Note: I'm not an expert in TFRecord. I just found my approach very helpful in my workflow.

TrikoFeature

For each feature you want to serialize ( images, numbers, strings, labels ), you should use a separate TrikoFeature subclass. Each TrikoFeature subclass must be initialized with a unique key ( see init method ). Those keys are used to serialize data in TFRecord.

TrikoFeature utilizes generic. Each subclass must provide three types for itself.

An abstract example:

class DemoFeature(TrikoFeature[RAW_TYPE, ENCODED_TYPE, DECODED_TYPE])

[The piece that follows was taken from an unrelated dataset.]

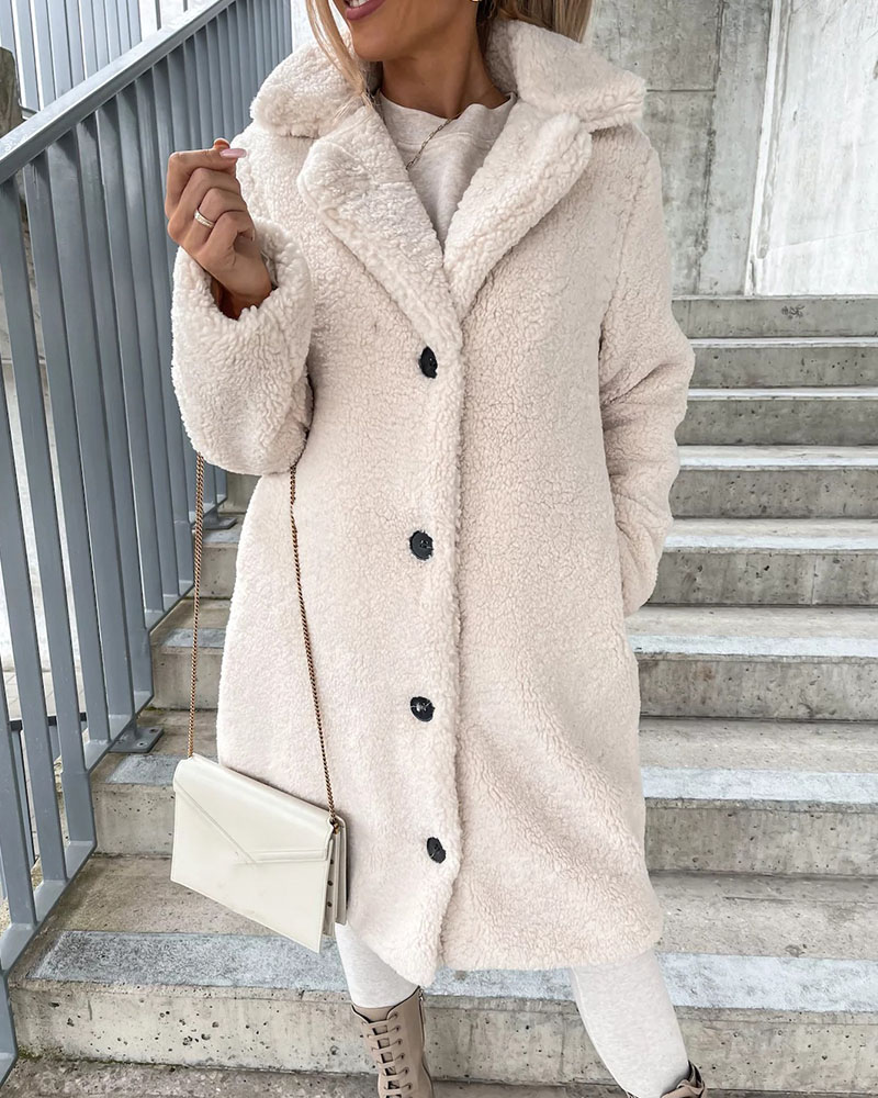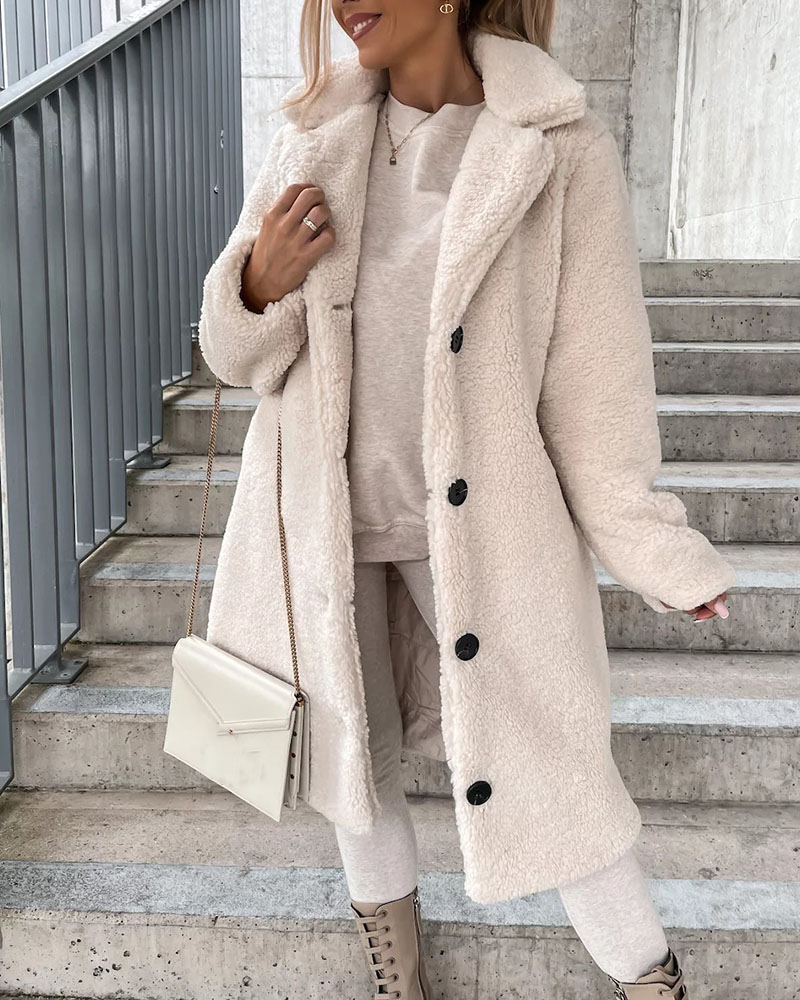Women's Long Sleeve Lapel Plush Top Long Coat
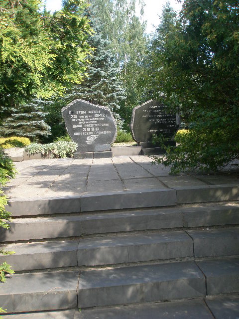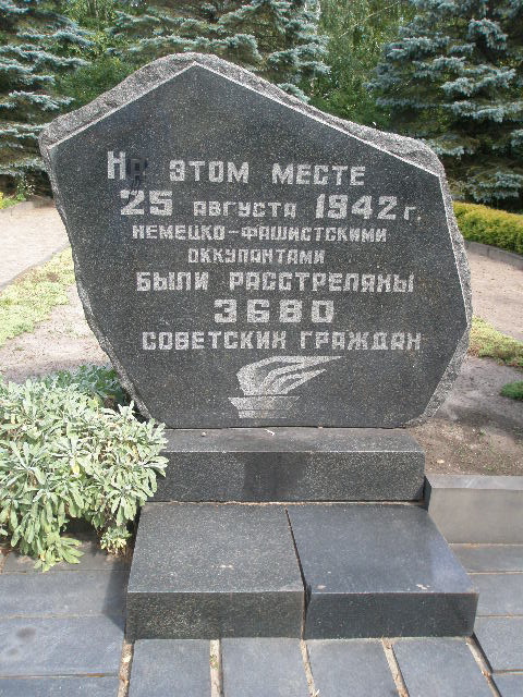 The memorial from Soviet times: "On this place on 25 August 1942 the German-Fascist occupiers shot 3,680 Soviet civilians". Berezno. These "Soviet civilians" were Jews, though no Soviet memorial acknowledged that fact.

  • RAW_TYPE - an original type of your data that you want to encode
  • ENCODED_TYPE - a type your data will be in after encoding (TFRecord supports only a few types)
  • DECODED_TYPE - a type your data will be in after decoding

A specific example: Let's say we want to encode an image. We read it, transform it the way we like, and then it's time to serialize it to a TFRecord dataset.

class DemoImageFeature(TrikoFeature[np.ndarray, bytes, np.ndarray])

  • np.ndarray ( RAW_TYPE ) - our image data is initially a numpy matrix
  • bytes ( ENCODED_TYPE ) - we can't serialize raw numpy arrays using TFRecord ( it won't be a good idea anyway ), so we will convert them to bytes
  • np.ndarray ( DECODED_TYPE ) - when reading TFRecord dataset, bytes are useless to us, so we will decoded it back to np.ndarray

How does Triko encode/decode data?

You must tell it how by overriding either _encode_raw or _decode_value methods.

Continuing our example:

class DemoImageFeature(TrikoFeature[np.ndarray, bytes, np.ndarray]):
	def _encode_raw(self, raw_value: np.ndarray) -> bytes:
		# convert numpy array to bytes and return
		pass

	def _decode_value(self, encoded_value: bytes) -> np.ndarray:
		# read bytes and return numpy array
		pass

A simple built-in raw data validation

Before encoding raw data, you can validate its value by overriding _validate_raw_value.

TrikoFeature in action

Encoding

Consider a pseudocode:

with TFRecordWriter as writer:
	# you read an image and perform transformations
	img_array: np.ndarray = ...
	# label for the image
	label: str = ...

	# list of your TrikoFeature subclasses
	features: List[TrikoFeature] = ...

	def raw_value_getter(feature: TrikoFeature) -> Any:
		"""
		Maps a feature to a raw data
		"""

		# 'image' is a key you used for your TrikoFeature subclass
		# that represents an image
		if feature.key == 'image':
			return img_array

		return label

	serialized_features = TrikoFeature.encode_features_to_string(
		features=features, raw_value_getter=raw_value_getter,
	)
	writer.write(serialized_features)

Decoding

Consider a pseudocode:

# list of your TrikoFeature subclasses
features: List[TrikoFeature] = ...

dataset = tf.data.TFRecordDataset().map(TrikoFeature.decoder(features=features))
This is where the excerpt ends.